▶ **Assignment**
Nothing but the lines from the first line of the entries through the line with "Almost 10K followers" should appear in the answer, transcribed exactly and free of pictures.

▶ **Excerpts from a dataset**
BEGIN
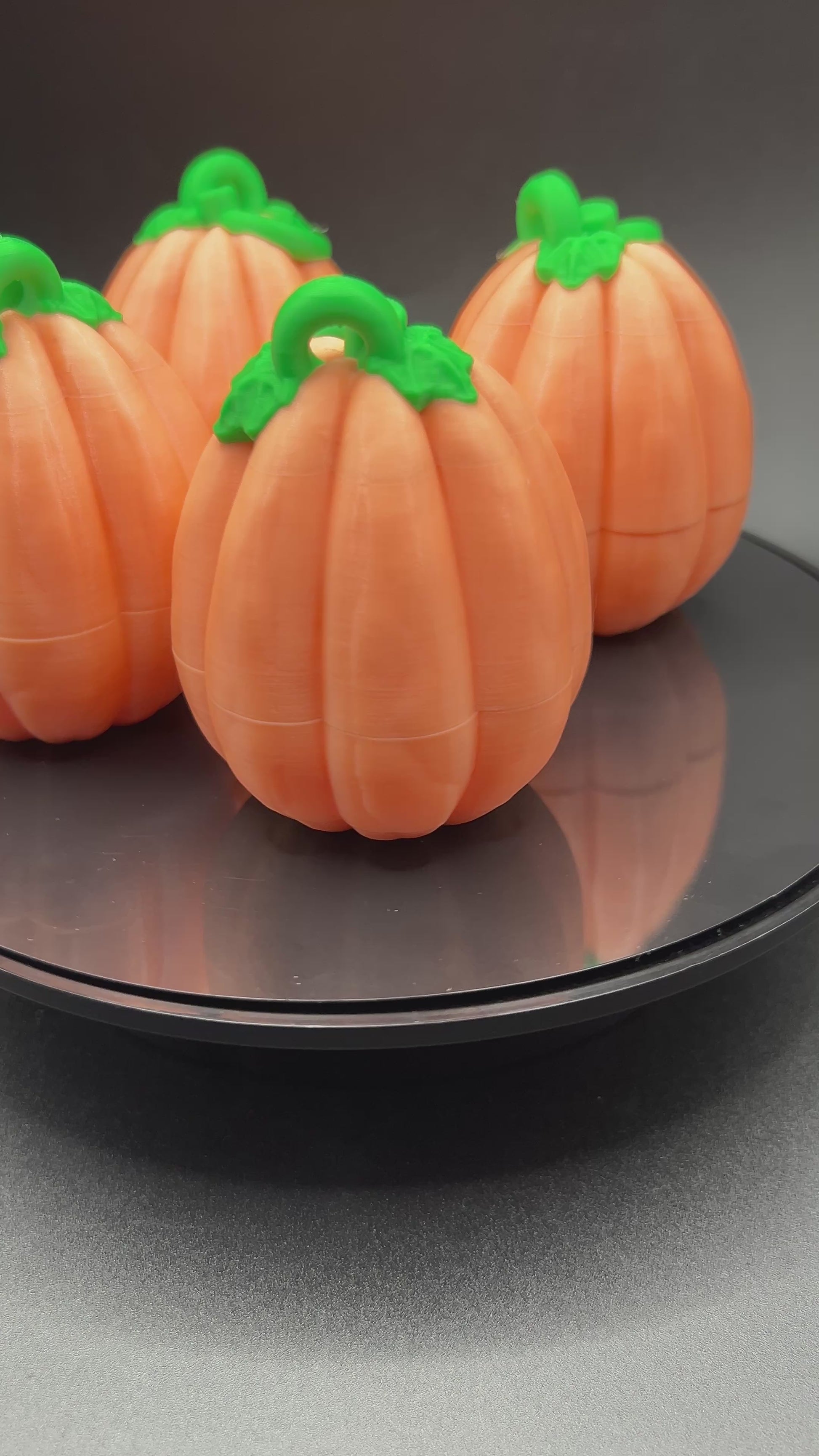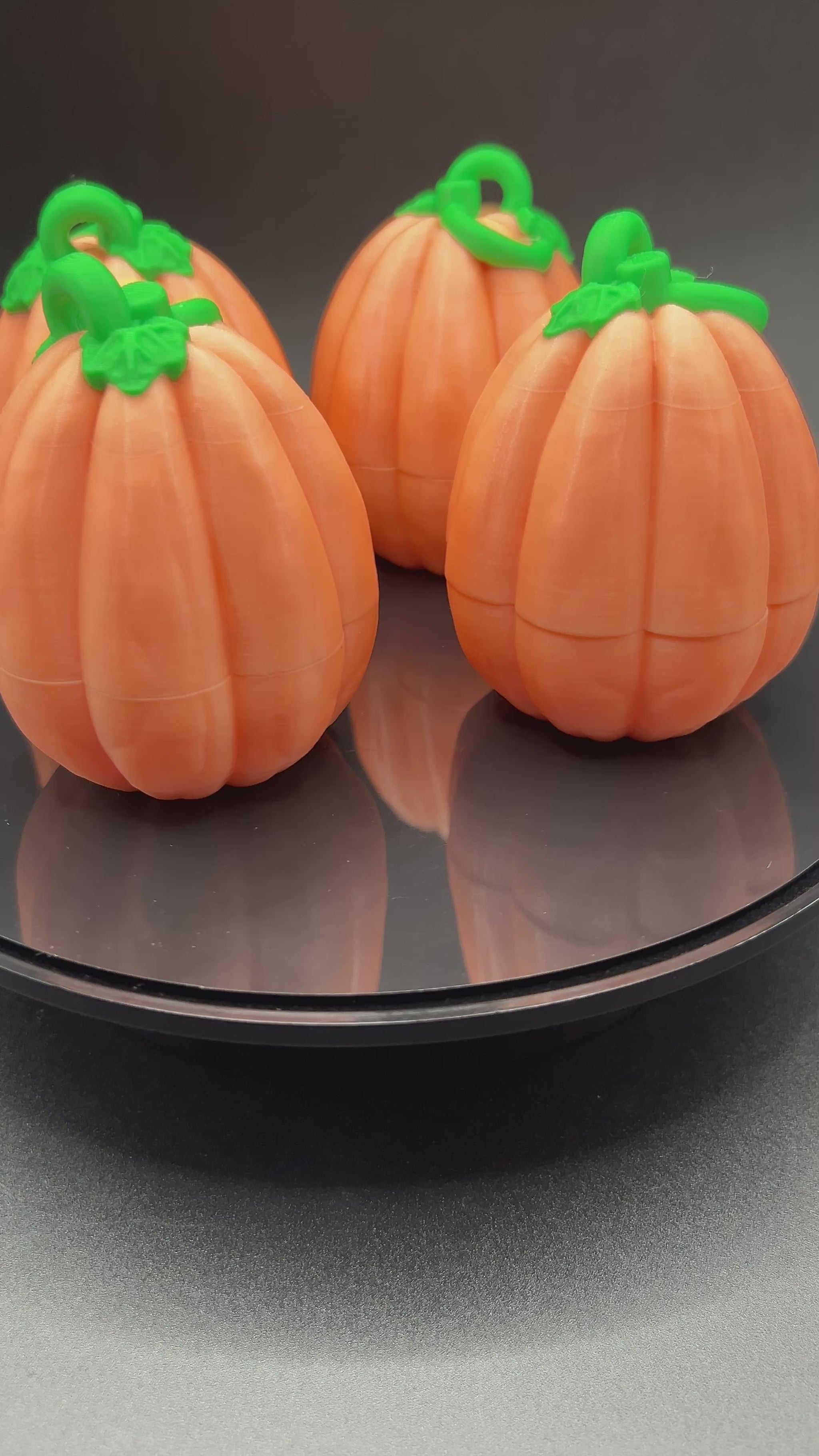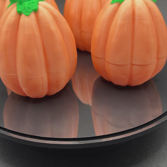 Light up your spooky season with these 3D-printed orange pumpkins, each topped with a vibrant green stem and a ghoulishly fun twist ~ they glow in the dark! But the real treat? These pumpkins open up to reveal space for tiny Halloween hatchlings, candy or other eerie surprises!
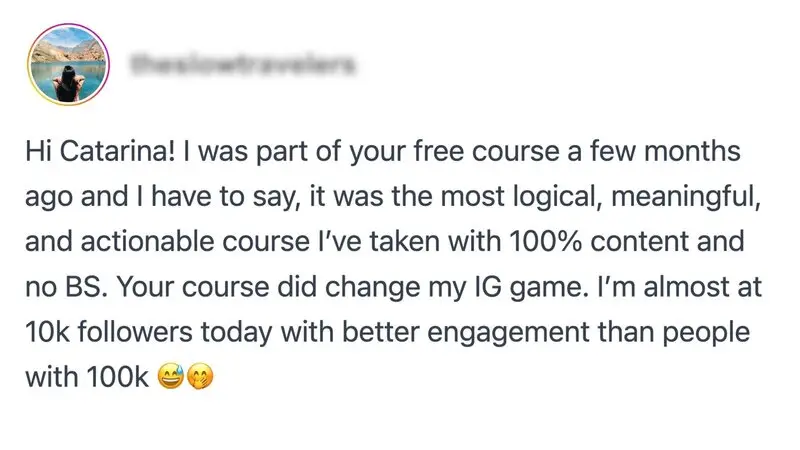 Almost 10K followers and high engagement from my *free* no-BS class
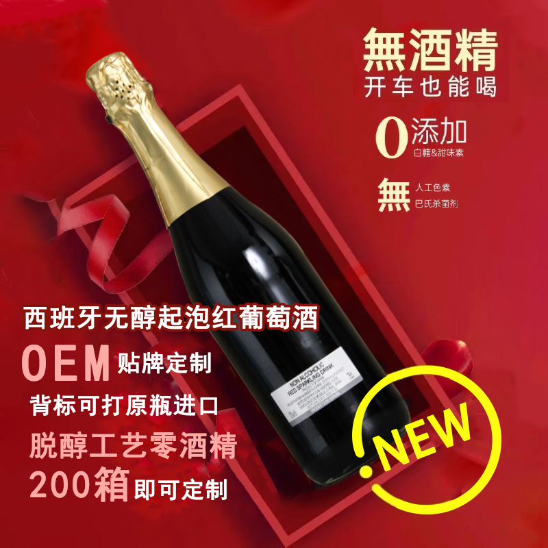 オリジナルボトル輸入OEM OEMカスタマイズスペインノンアルコールスパークリングワインシンプルラベルワイン0度脱アルコールプロセス赤ワイン
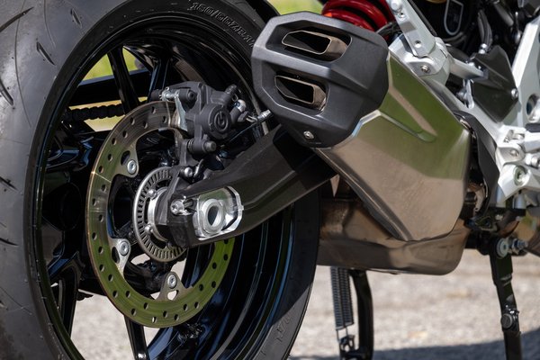 A habkönnyűen omlós és friss futómű, a jól adagolható, tökös első fék (duplán a négydugattyús, 320-as tárcsákkal működő radiális Brembók – mi bajunk lehet-alapon), az igazán fasza üléshelyzet után az első, ami feltűnt, hogy ennek a motornak erősen közepes a hátsó fékje (265 mm-es, egydugattyús, úszónyerges Brembo) és szerény a nyomatéka. Megcsavarva, kihúzatva rendesen nagyot lép, ráadásul igen kevés vibrációval, de lent valahogy nógatni kellett. Nem rázkódott, nem kezdte tépni a láncot, elvitte simán a kétezres fordulatot, csak valahogy nem akarta. Pedig papíron van neki nyomatéka – 92 Nm 6500-nál –, csak azt a sok akaratot nem találtam sehol.
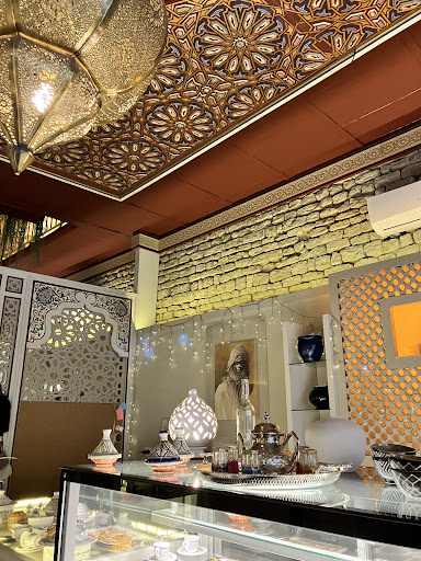 Read moreNous étions deux un midi de jour de semaine et avons pris le menu du jour (29,90€ par personne) et une boisson. Commençons par le positif : on n’a plus faim quand on sort !!! Il y a de bonnes quantités. Un petit quelque chose pour grignoter est arrivé dès qu’on a été assis. L’entrée était bonne (malgré un peu trop d’huile à mon goût, et ça me fait bizarre de manger une baguette dans un restaurant oriental). Le plat (tajine de poulet au citron confit) était OK mais étonnant aussi : le poulet était rosé au centre (dommage, j’ai pas eu de chance), on ne sentait pas vraiment le citron confit, les pommes de terre étaient fondantes mais ça faisait lourd avec la semoule. Les amandes (entières et effilées) venaient ajouter du croquant au plat et les olives vertes apportaient un peu d’acidité, c’était chouette. Le dessert ressemblait très fortement à un moelleux picard (après il était bien réchauffé !) accompagné d’une boule de glace au caramel. Disons qu’on ne s’attend pas à ce genre de dessert dans ce genre de restaurant ! L’emplacement est bien décoré, et on vient vous demander toutes les 5mn si tout va bien. J’ai vu qu’il était possible d’acheter des pâtisseries orientales à 1,90€ pièce à l’entrée (j’ai été étonnée de ne pas voir de corne de gazelles par contre ! Peut-être y avait-il déjà eu razzia !). Il y a une musique orientalisante en musique d’ambiance sur une petite enceinte du côté de la cuisine. En bref, établissement qui fait un peu guindé, mais on ne s’est...
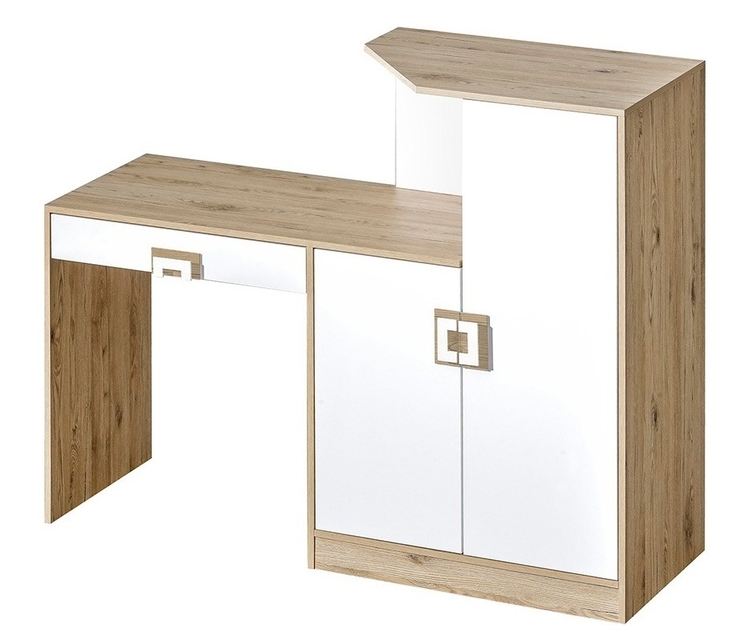Pracovní stůl s komodou NIKO ze sektorové řady, která se vyznačuje netradičním zpracováním barev a originalitou úchytů. Tento styl nábytku zaujme každou mladší generaci. Psací stůl je vyroben z kvalitní LTD desky hraněné ABS lištou. Korpus je v barvě dub jasný, dvířka jsou v barvě matná bílá.... více informací o zboží
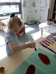 We have made the most of the nice weather and our outdoor provision. We have participated in some fantastic gross motor activities using the balancing beams, climbing apparatus and stepping in and out of the tyres. Keziah enjoyed playing in the big yard navigating the activities on the ground
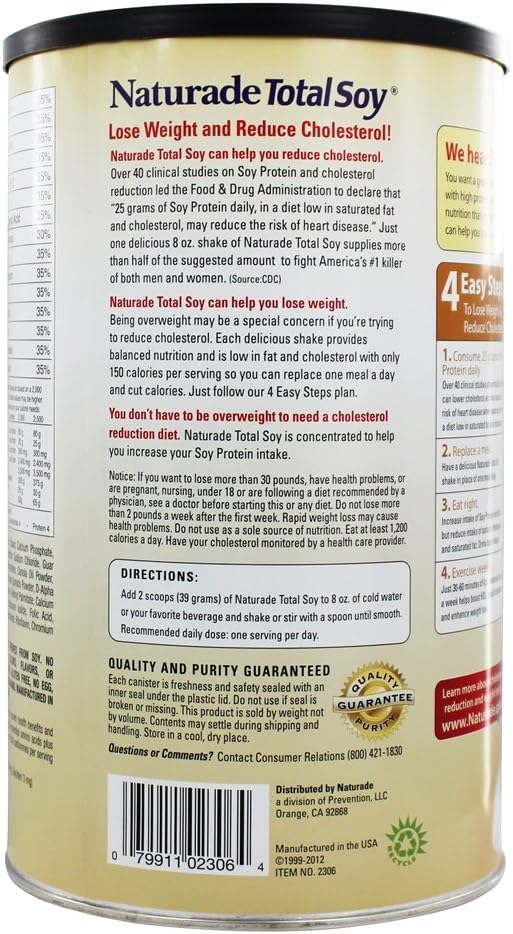 Take control of your health with Total Soy® All Natural Meal Replacement.  Total Soy naturally delivers 13 grams of protein, 24 vitamins and minerals in a low 150 calorie shake. As a meal replacement, Total Soy® may promote weight loss, reduce cholesterol and reduce your risk of Heart Disease, the #1 cause of death in the United States. Take charge of your health with this easy, naturally great tasting meal replacement system and reap the many health benefits! Achieve your weight loss goals with Total Soy® by Naturade®. Your extra pounds are not only a leading risk factor in heart disease but in a number of  diseases common in our modern lives.  Replacing two meals a day with a low 150 calorie Total Soy® shake along with an active lifestyle improves your health and will help you look and feel better!  Feel fuller longer, reduce your calorie consumption and support the realization of your weight loss goals with Total Soy® by Naturade®. You don’t have to be overweight to need a cholesterol reduction diet. Naturade Total Soy is concentrated to help you increase your Soy Protein intake. Total Soy® is not just a protein shake, it’s packed with 24 vitamins and minerals and provides an essential boost to your hungry systems. In addition Total Soy® contains health promoting antioxidants to complete the valuable benefits.
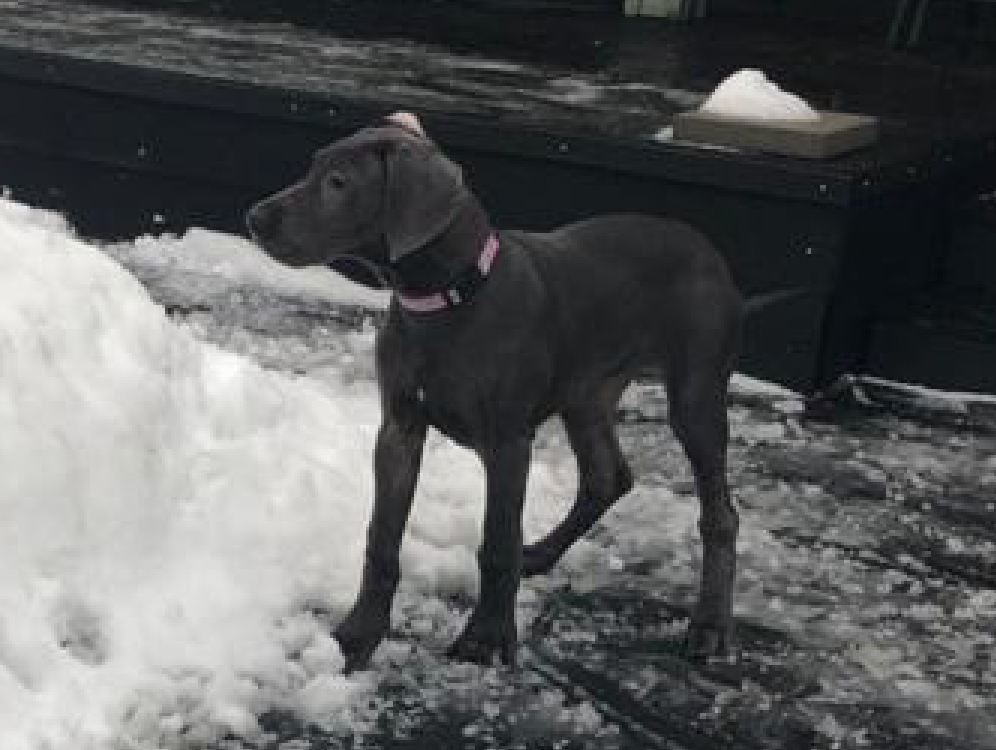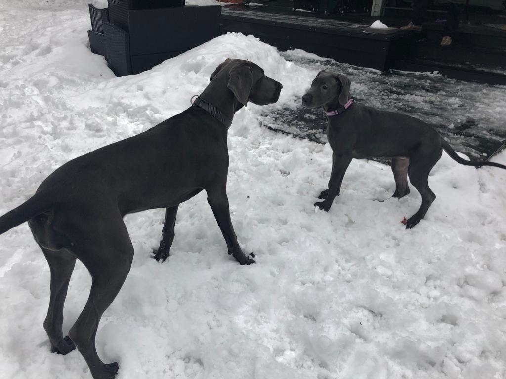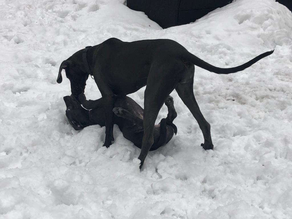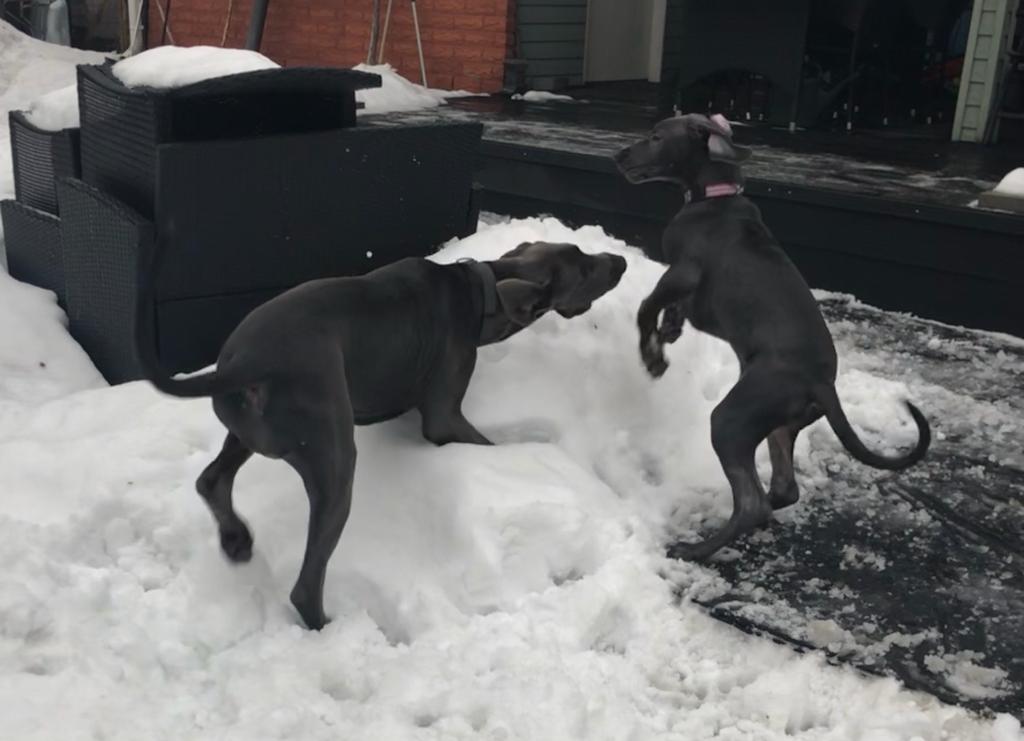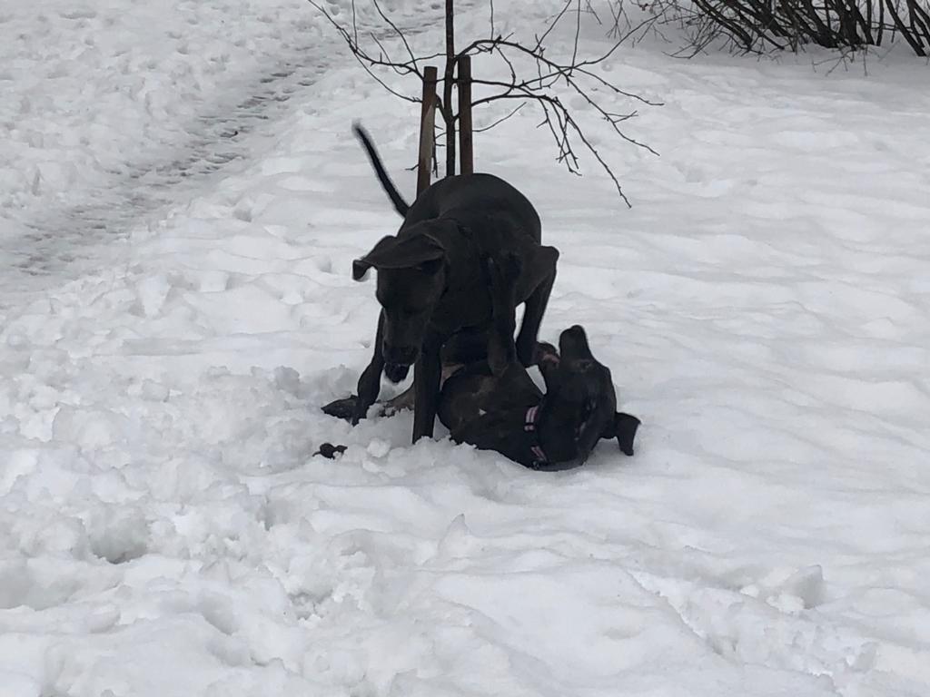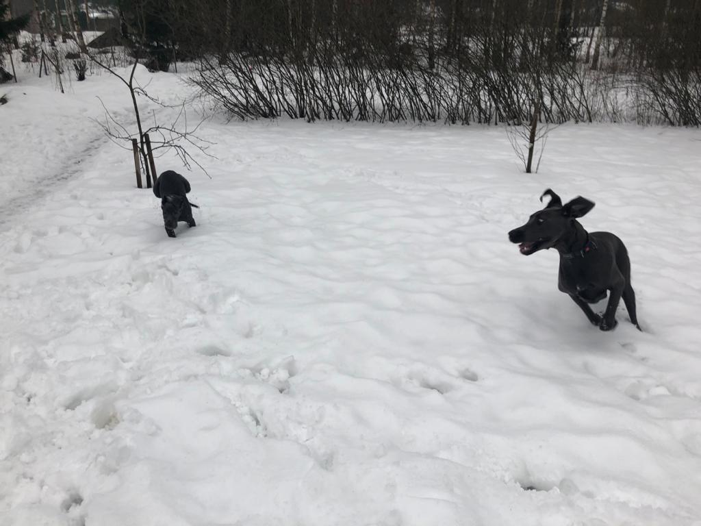 Ja entä Armi sitten? Armi tapasi ekaa kertaa näin isoa koiraa sitten pentulaatikon. Se ei ollut moksiskaan Venlan koosta tai innokkuudesta, ja ei kovinkaan montaa sekuntia myöhemmin molemmat siniset kohnot hyppivät toistensa päälle ja peräkanaa hangessa. Aivan samanlaiset vauhdikkat leikit molemmilla 😀
END
▶ **The completed task**
 Light up your spooky season with these 3D-printed orange pumpkins, each topped with a vibrant green stem and a ghoulishly fun twist ~ they glow in the dark! But the real treat? These pumpkins open up to reveal space for tiny Halloween hatchlings, candy or other eerie surprises!
 Almost 10K followers and high engagement from my *free* no-BS class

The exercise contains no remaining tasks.